What are hydrocolloids?
A hydrocolloid is a substance that will form a gel when put in water or when in contact with water. They are dispersed in water because they are hydrophilic polymers, and can form gels or liquid solutions depending on the amount of water present. They are used with aqueous foods to alter the functional properties of the latter. For instance, they can be used to prevent food having organoleptic properties and to prevent recrystallization. They can be applied in food to achieve certain thickening and gelling properties, termed as viscosity. They have also been applied to for emulsion stabilization. Sometimes they are naturally present in these foods or can be added to them. In food, they help in flavor perception depending on the degree of chain entanglement which determines the degree with which they mix with saliva. Hydrocolloids can also be used for adhesion, flocculation and suspension, as well as for forming films. Many hydrocolloids, including xantham and alginate are polyelectrolytes and thus can be defined by the properties of the latter. Reduced viscosity and good hydration properties of guar gum, Sesbania gum, cassia gum and tamarind gum make them useful in food industry.

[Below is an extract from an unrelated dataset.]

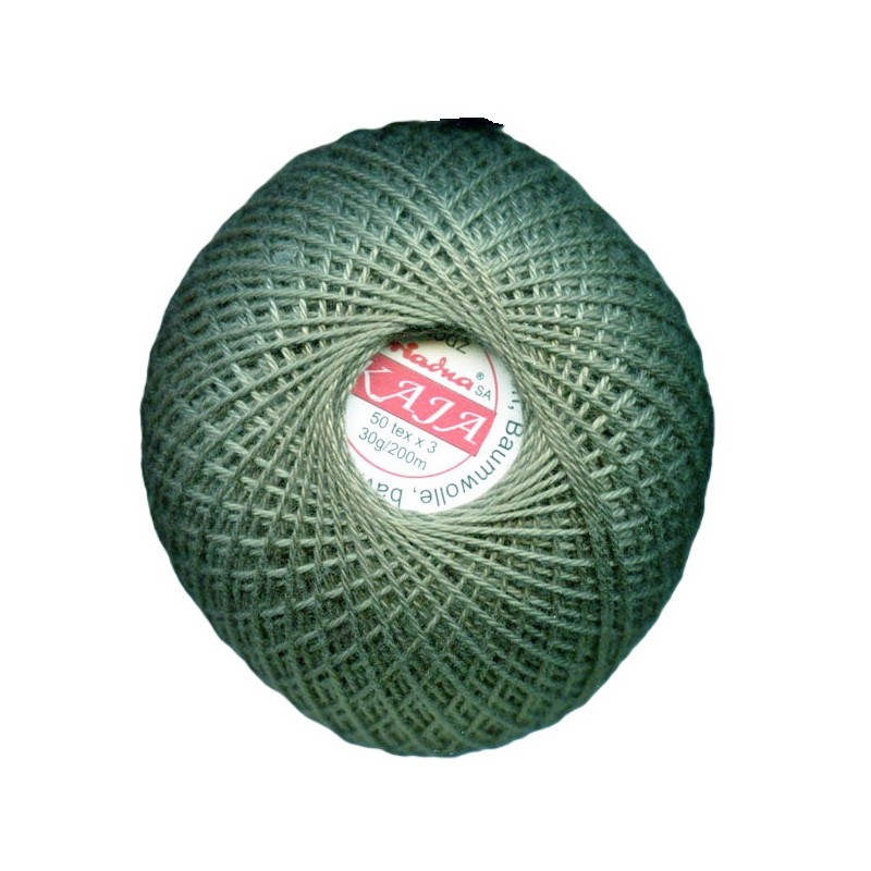 3567/318 Medvilniniai nėrimo siūlai "Kaja"vienspalviai. Siūlų storis - 50 tex x3, 30g, 200m. Spalva 318 - chaki.

Popular Hydrocolloids and comparison between xanthan gum and guar gum
There are many hydrocolloids, including the guar gum, cassia gum and the Sesbania gum. Others are tamarind gum, fenugreek gum and xanthan gum, among others. Cassia gum is soluble in water and will reach full viscosity in aqueous solutions on heating. Sesbania gum can form a solution in both cold and hot water while tamarind gum dissolves in hot water. The xanthan gum is made through fermentation while fenugreek gum can be used in forming and is also soluble in water. Guar and xanthan gums are the most common gums used as hydrocolloids. Guar gum powder is used for thickening and forming pastries, among other uses. Generally, guar gum will be considered better than xanthan because it is a natural product made from seed when xanthan is made through fermentation. In terms of properties, guar gum performs better than other additives because of superior thickening and stabilizing properties.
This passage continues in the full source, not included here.